| Assignment |
Transcribe every line from the one containing "Ecksofa LUX L-Form, Stoff" to the end of the listing, exactly as written, and leave out the pictures.

| Provided information |
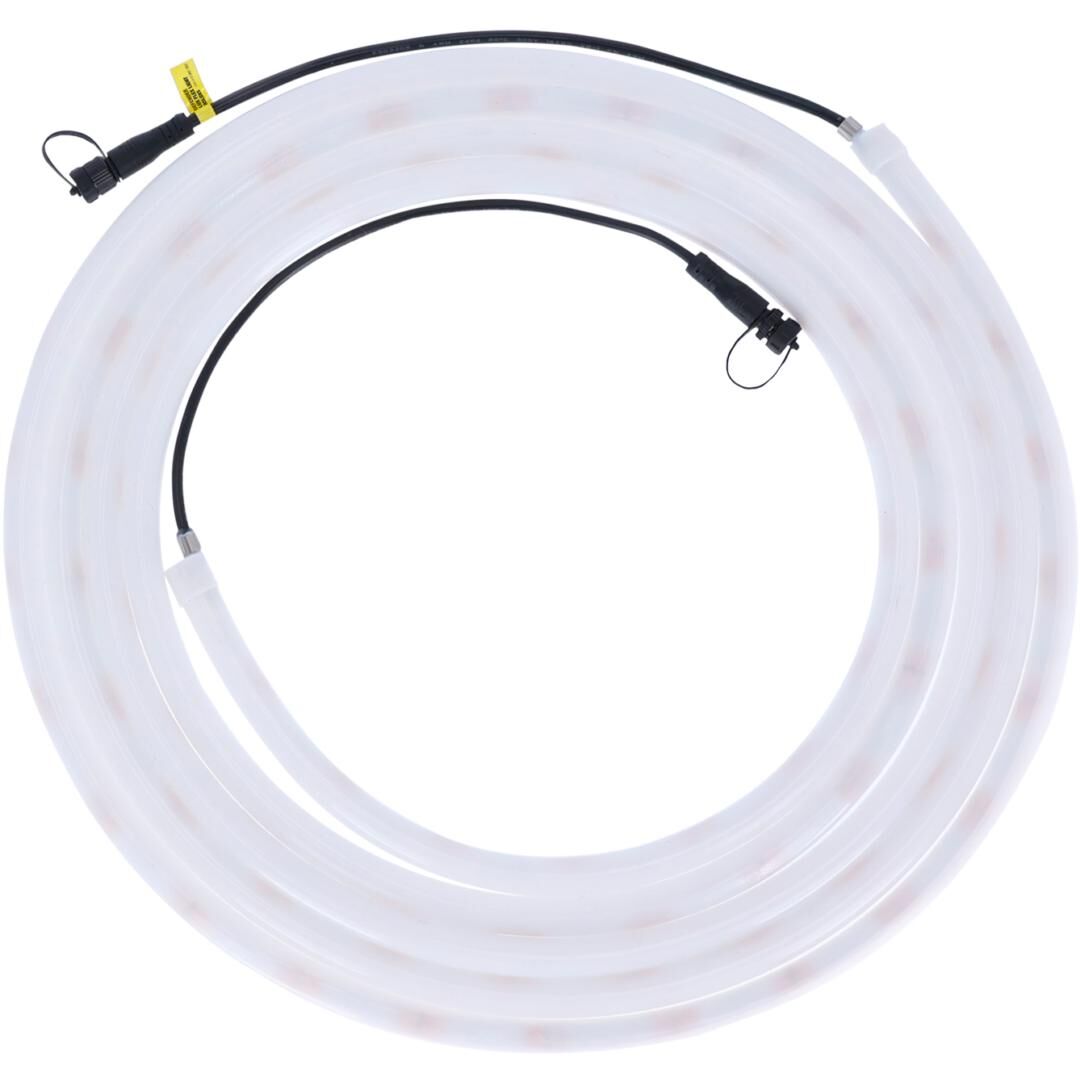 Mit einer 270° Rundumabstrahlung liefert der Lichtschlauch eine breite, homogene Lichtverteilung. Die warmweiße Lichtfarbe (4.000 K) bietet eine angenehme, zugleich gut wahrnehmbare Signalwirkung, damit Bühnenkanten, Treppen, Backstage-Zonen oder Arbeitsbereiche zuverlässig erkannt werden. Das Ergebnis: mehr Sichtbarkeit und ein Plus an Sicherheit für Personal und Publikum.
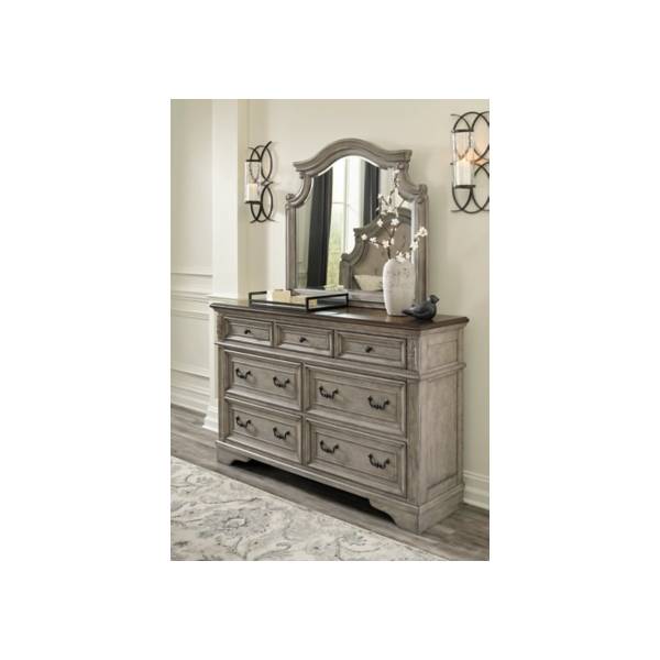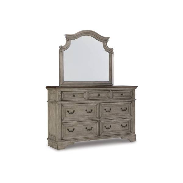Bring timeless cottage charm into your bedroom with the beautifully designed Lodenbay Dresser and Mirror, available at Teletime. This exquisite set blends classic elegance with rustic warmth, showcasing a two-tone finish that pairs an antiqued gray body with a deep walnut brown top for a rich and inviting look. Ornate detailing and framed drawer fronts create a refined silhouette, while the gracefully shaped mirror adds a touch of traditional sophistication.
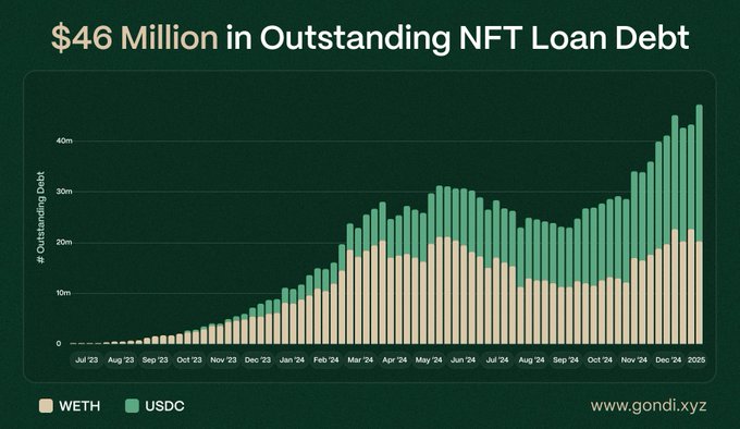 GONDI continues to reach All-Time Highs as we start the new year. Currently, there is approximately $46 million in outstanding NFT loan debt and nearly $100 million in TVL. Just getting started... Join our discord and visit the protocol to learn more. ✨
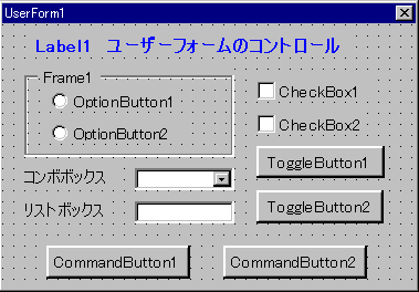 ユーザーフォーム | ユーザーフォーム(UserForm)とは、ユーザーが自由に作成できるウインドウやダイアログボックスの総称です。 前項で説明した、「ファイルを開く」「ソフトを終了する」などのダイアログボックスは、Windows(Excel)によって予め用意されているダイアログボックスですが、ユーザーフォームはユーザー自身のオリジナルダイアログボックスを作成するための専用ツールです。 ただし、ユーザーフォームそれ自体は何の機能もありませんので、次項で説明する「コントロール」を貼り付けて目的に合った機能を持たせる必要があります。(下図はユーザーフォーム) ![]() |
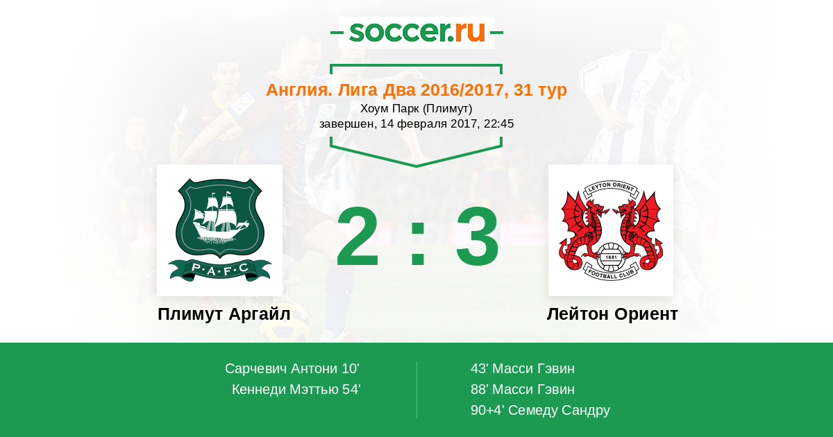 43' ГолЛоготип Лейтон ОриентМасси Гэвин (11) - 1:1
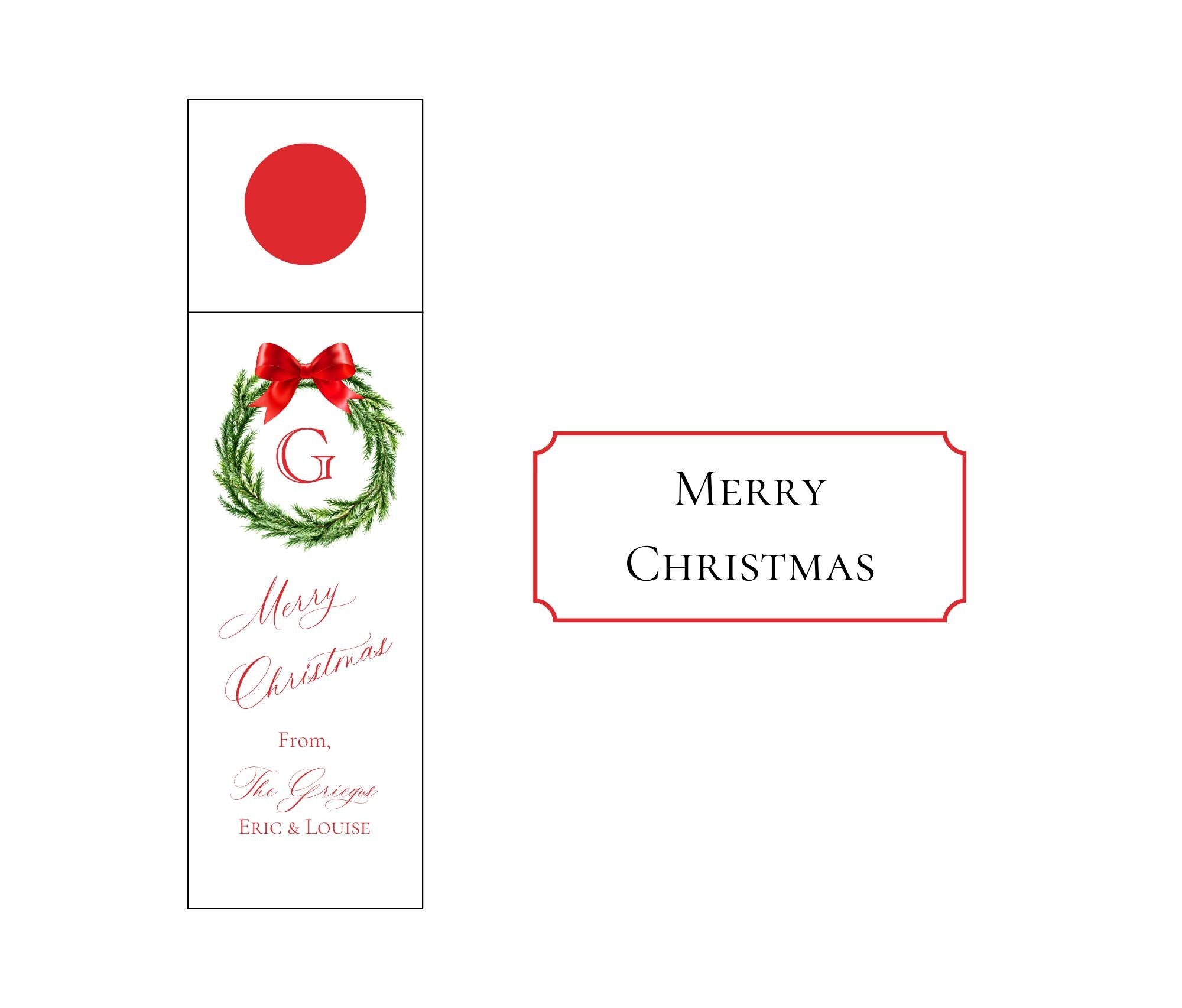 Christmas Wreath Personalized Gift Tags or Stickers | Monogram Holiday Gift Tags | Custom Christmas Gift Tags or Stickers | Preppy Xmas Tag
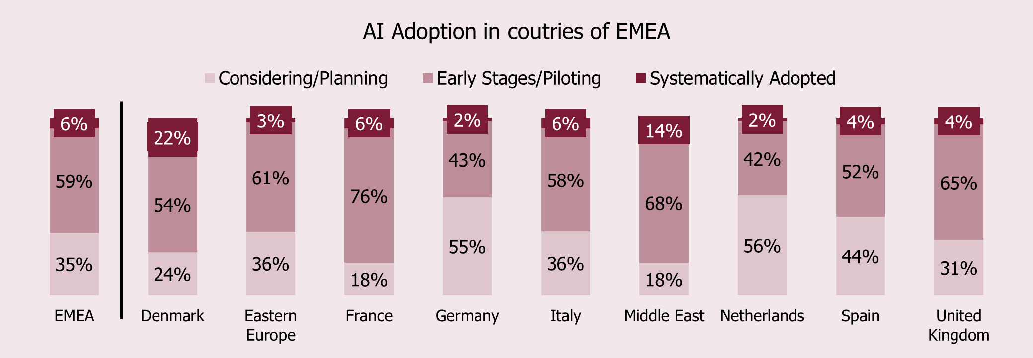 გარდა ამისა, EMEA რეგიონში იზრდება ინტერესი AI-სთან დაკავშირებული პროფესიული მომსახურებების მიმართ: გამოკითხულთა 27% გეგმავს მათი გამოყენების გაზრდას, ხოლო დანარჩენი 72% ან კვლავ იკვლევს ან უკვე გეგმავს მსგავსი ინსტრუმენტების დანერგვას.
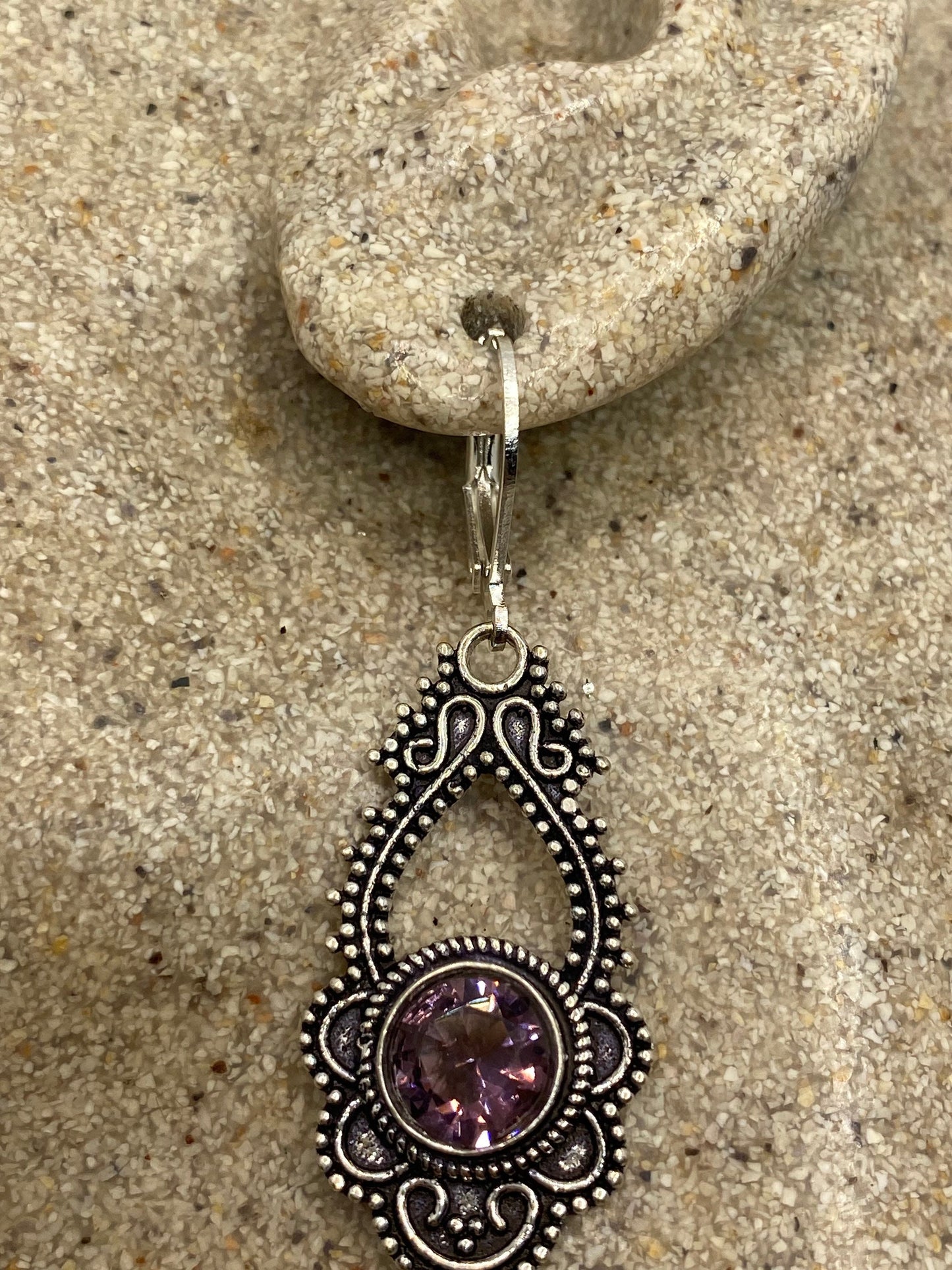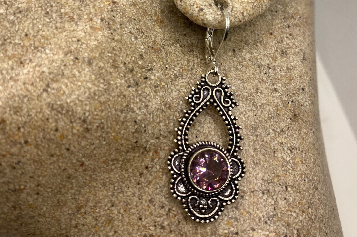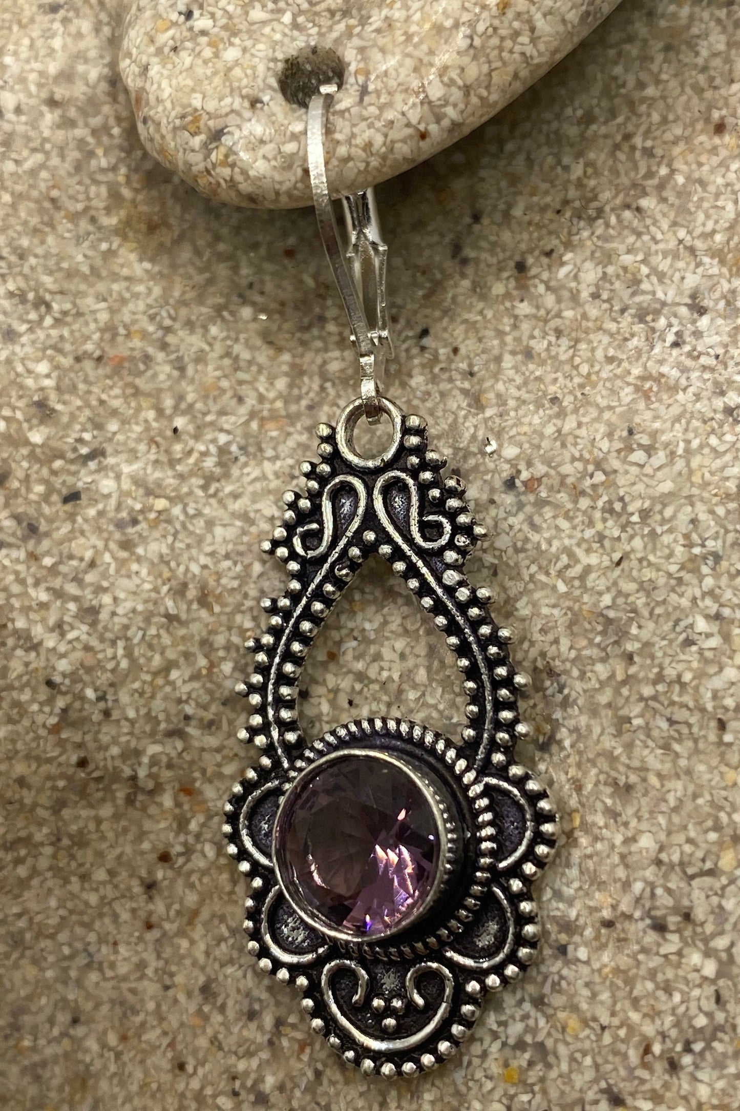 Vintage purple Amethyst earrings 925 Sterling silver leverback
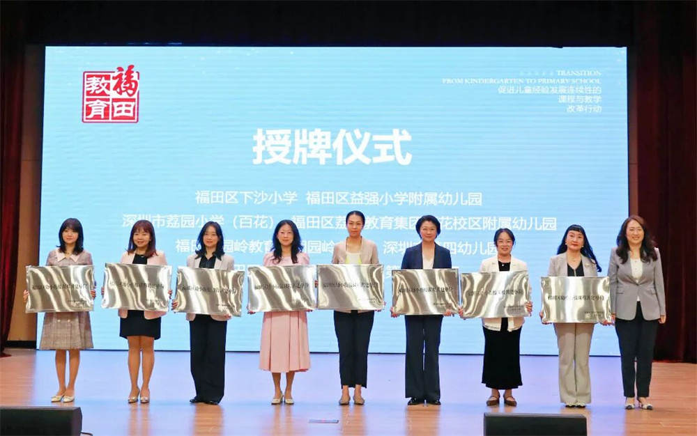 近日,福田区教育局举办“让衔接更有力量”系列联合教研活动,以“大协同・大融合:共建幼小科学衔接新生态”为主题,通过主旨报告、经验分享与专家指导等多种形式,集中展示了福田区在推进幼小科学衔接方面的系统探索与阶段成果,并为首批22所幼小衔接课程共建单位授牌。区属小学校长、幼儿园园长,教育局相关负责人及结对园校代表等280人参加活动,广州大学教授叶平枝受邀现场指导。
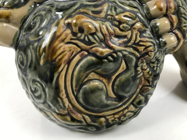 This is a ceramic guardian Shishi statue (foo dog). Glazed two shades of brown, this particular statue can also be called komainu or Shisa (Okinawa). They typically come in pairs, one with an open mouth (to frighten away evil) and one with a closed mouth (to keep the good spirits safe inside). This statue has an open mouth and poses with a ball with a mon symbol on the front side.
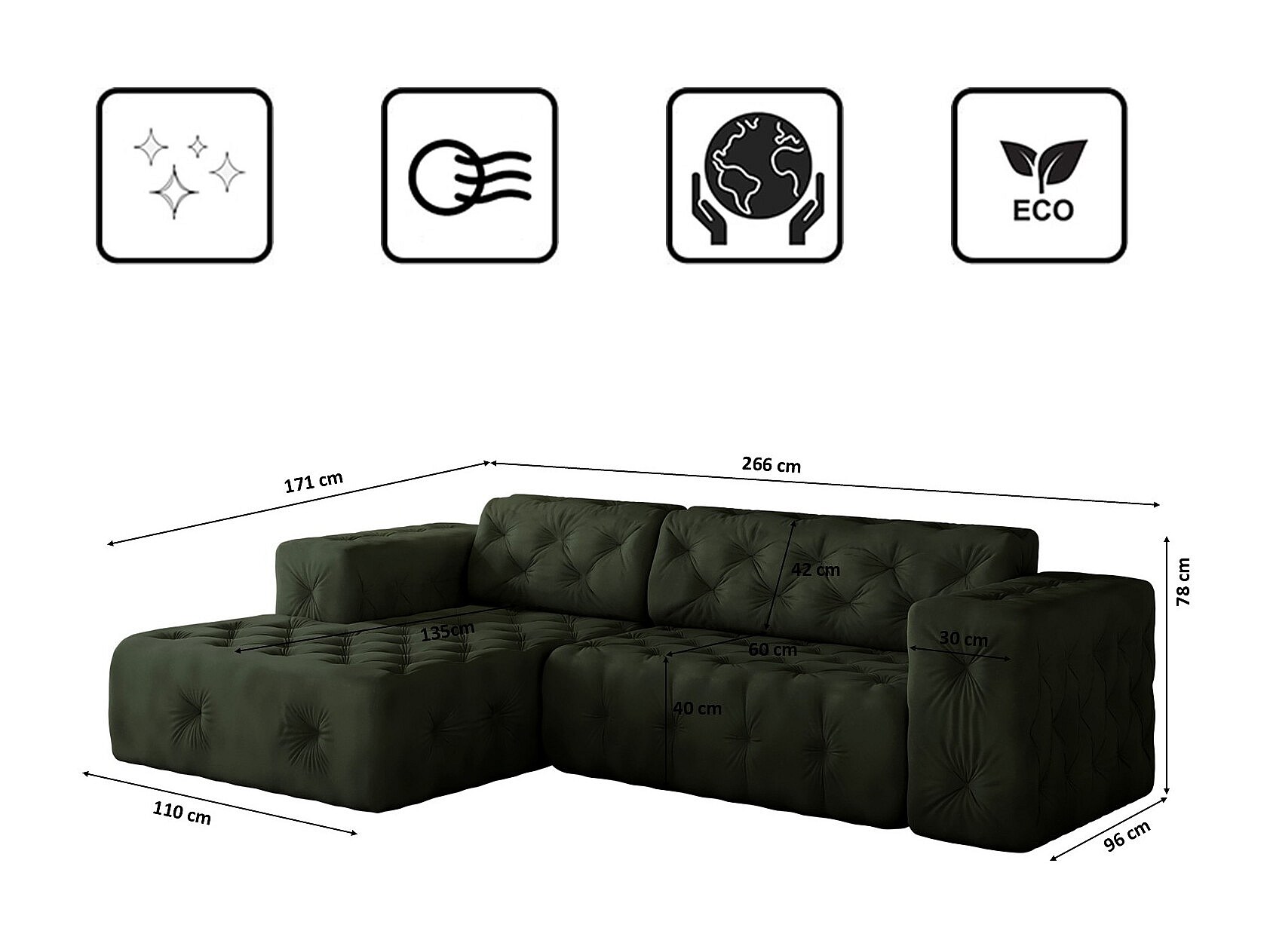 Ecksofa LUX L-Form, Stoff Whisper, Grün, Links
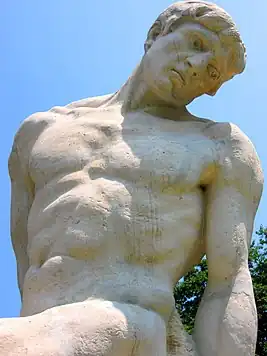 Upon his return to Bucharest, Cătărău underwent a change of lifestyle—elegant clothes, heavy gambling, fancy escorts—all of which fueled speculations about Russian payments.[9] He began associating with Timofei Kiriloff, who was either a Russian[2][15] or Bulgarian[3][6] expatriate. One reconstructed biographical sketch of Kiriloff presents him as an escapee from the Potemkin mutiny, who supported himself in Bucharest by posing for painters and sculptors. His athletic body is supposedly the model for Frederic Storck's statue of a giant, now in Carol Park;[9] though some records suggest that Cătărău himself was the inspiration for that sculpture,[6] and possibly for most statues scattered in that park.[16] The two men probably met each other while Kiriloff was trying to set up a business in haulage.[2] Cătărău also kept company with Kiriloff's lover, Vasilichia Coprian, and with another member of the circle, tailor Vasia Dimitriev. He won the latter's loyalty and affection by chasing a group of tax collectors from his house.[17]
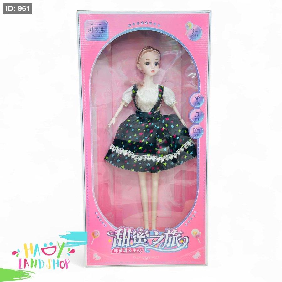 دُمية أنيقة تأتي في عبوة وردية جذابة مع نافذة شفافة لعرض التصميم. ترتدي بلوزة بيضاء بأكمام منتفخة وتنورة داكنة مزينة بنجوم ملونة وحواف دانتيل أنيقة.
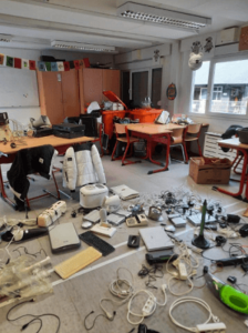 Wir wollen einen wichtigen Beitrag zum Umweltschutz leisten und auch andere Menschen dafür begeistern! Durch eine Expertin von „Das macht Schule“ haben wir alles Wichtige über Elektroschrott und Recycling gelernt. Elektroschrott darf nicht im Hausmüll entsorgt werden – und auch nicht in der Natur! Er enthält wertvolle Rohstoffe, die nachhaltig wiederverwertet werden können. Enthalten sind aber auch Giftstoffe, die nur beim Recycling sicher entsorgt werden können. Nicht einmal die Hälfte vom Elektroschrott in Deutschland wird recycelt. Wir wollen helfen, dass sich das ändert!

| Answer for this exercise |
 Ecksofa LUX L-Form, Stoff Whisper, Grün, Links
 Upon his return to Bucharest, Cătărău underwent a change of lifestyle—elegant clothes, heavy gambling, fancy escorts—all of which fueled speculations about Russian payments.[9] He began associating with Timofei Kiriloff, who was either a Russian[2][15] or Bulgarian[3][6] expatriate. One reconstructed biographical sketch of Kiriloff presents him as an escapee from the Potemkin mutiny, who supported himself in Bucharest by posing for painters and sculptors. His athletic body is supposedly the model for Frederic Storck's statue of a giant, now in Carol Park;[9] though some records suggest that Cătărău himself was the inspiration for that sculpture,[6] and possibly for most statues scattered in that park.[16] The two men probably met each other while Kiriloff was trying to set up a business in haulage.[2] Cătărău also kept company with Kiriloff's lover, Vasilichia Coprian, and with another member of the circle, tailor Vasia Dimitriev. He won the latter's loyalty and affection by chasing a group of tax collectors from his house.[17]
 دُمية أنيقة تأتي في عبوة وردية جذابة مع نافذة شفافة لعرض التصميم. ترتدي بلوزة بيضاء بأكمام منتفخة وتنورة داكنة مزينة بنجوم ملونة وحواف دانتيل أنيقة.
 Wir wollen einen wichtigen Beitrag zum Umweltschutz leisten und auch andere Menschen dafür begeistern! Durch eine Expertin von „Das macht Schule“ haben wir alles Wichtige über Elektroschrott und Recycling gelernt. Elektroschrott darf nicht im Hausmüll entsorgt werden – und auch nicht in der Natur! Er enthält wertvolle Rohstoffe, die nachhaltig wiederverwertet werden können. Enthalten sind aber auch Giftstoffe, die nur beim Recycling sicher entsorgt werden können. Nicht einmal die Hälfte vom Elektroschrott in Deutschland wird recycelt. Wir wollen helfen, dass sich das ändert!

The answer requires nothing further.